Another treatise on bankruptcy also states that a discharged prepetition judgment "cannot be the basis for a creditor obtaining a lien on property which was not subject to a lien prior to bankruptcy."[9]
*987 In the case sub judice, the lien did not attach to the real property prior to bankruptcy. The discharge released the debtor from personal liability on the debt.[10] "Without the debt there is nothing to secure and no basis for the lien."[11]
A separate judgment will enter voiding the judgment lien of SouthTrust Bank.
NOTES
[1] The debtor owned and claimed exempt a 1977 Ford Pickup, a 1982 Ford Pickup, an air conditioner, and clothing and personal items.
[2] The debtor and his wife desire to sell the property.
[3] Barber v. Beckett, 251 Ala. 569, 39 So. 2d 17 (1949); W.T. Rawleigh Co. v. Patterson, 239 Ala. 309, 195 So. 729 (1940).
[4] The lien created under Ala.Code § 6-9-211 attaches only to property "subject to levy and sale under execution." The homestead is not subject to levy and sale under execution to the extent exempt under Ala.Code § 6-10-2 (1975):
The homestead of every resident of this state, with the improvements and appurtenances, not exceeding in value $5,000 and in area 160 acres, shall be, to the extent of any interest he or she may have therein, . . . exempt from levy and sale under execution or other process for the collection of debts . . .
See Barber v.
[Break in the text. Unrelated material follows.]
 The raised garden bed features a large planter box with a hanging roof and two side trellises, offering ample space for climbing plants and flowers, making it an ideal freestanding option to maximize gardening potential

Beckett, 251 Ala. 569, 572, 39 So. 2d 17 (1949). Under Alabama case law, the homestead is not exempt from tort judgment liens. Harris v. Jenkins, 265 Ala. 315, 90 So. 2d 764 (1956).
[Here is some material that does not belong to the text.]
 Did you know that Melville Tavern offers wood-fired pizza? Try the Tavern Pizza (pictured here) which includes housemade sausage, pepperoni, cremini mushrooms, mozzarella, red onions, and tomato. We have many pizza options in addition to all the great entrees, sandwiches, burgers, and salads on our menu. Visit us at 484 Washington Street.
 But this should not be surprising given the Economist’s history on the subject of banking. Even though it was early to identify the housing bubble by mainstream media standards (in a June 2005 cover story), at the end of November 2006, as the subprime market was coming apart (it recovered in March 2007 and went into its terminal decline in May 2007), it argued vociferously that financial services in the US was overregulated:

[5] See supra, n. 4. To the extent that the debtor's interest falls within the limits of the homestead exemption, the property is not subject to the lien of SouthTrust Bank. See Ala.Code § 6-10-2 (1975).
[6] To the extent that the debtor's interest in the property exceeds the limits of the homestead exemption, the validity of the lien on the property is a viable issue.
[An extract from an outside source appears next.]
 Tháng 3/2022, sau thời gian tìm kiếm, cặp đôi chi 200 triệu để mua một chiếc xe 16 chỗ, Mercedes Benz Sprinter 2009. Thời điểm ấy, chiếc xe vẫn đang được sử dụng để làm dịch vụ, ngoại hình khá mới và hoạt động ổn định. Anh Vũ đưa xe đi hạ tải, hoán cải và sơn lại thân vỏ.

[7] The lien did not attach to the real property in question prepetition because the lien could not attach until the debtor acquired the property. See W.T. Rawleigh Co. v. Patterson, 239 Ala. 309, 195 So. 729 (1940). Indeed, one court has concluded that a lien does even exist in the absence of an attachable res. In re Thomas, 102 B.R. 199 (Bankr.E.D.Cal.1989).
[8] The court reasoned that the "discharge does not affect liability in rem, and prepetition liens remain enforceable after discharge." Wrenn, 40 F.3d at 1164. See 11 U.S.C. § 524(a) which states that a discharge voids a judgment only to the extent of the personal liability of the debtor.
[9] 3 Lawrence P. King, Collier on Bankruptcy ¶ 524.02, at 524-18 (15th ed.1995) citing In re Thomas, 102 B.R. 199 (Bankr.E.D.Cal.1989) (prepetition judgment that became void due to discharge did not give rise to lien on real property acquired after discharge). Under California law, like Alabama law, a judgment lien may attach to after-acquired property. In re Thomas, 102 B.R. at 200.
[10] This court is not holding that 11 U.S.C. § 524 voids in rem liability on the judgment debt. The court is merely holding that upon discharge of the in personam liability, there is no basis for the lien to attach to property acquired postpetition.
[11] 1 David G. Epstein et al., Bankruptcy § 3-11, at 156 n. 27 (1992).